Exercise description |
Your answer must be an exact copy of the lines below, from the first through the one with "Ph = Phellem", with no pictures.

── Data below

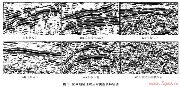 不同的地震相對應一定的火山巖巖相,詳細劃分地震相有利于進一步分析該地區(qū)火山巖巖相的分布。通過研究劃分出陸西地區(qū)石炭系火山巖地震反射特征主要有以下幾種:舌狀或楔狀反射、板狀反射、弧狀反射、丘狀或蘑菇狀等反射特征(圖2)。
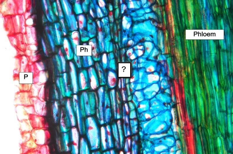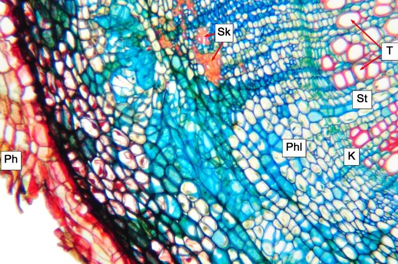 Ph = Phellem (Kork), Sk = Sklerenchym, Phl = Phloem, K = Kambium,  St = Strahl, T = Tracheen
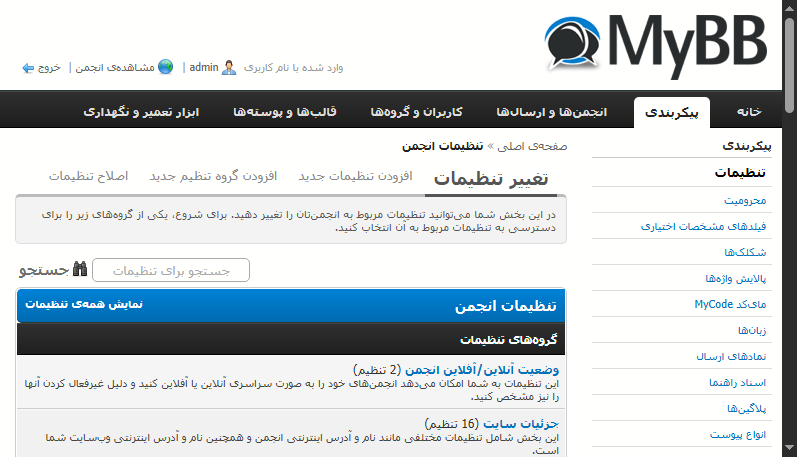 MyBB 1.8 ACP(Admin Control Panel) Theme in RTL version for RTL languages. (based on Default Theme that exist in MyBB 1.8.39 Package)

────

Finished task |
 不同的地震相對應一定的火山巖巖相,詳細劃分地震相有利于進一步分析該地區(qū)火山巖巖相的分布。通過研究劃分出陸西地區(qū)石炭系火山巖地震反射特征主要有以下幾種:舌狀或楔狀反射、板狀反射、弧狀反射、丘狀或蘑菇狀等反射特征(圖2)。
 Ph = Phellem (Kork), Sk = Sklerenchym, Phl = Phloem, K = Kambium,  St = Strahl, T = Tracheen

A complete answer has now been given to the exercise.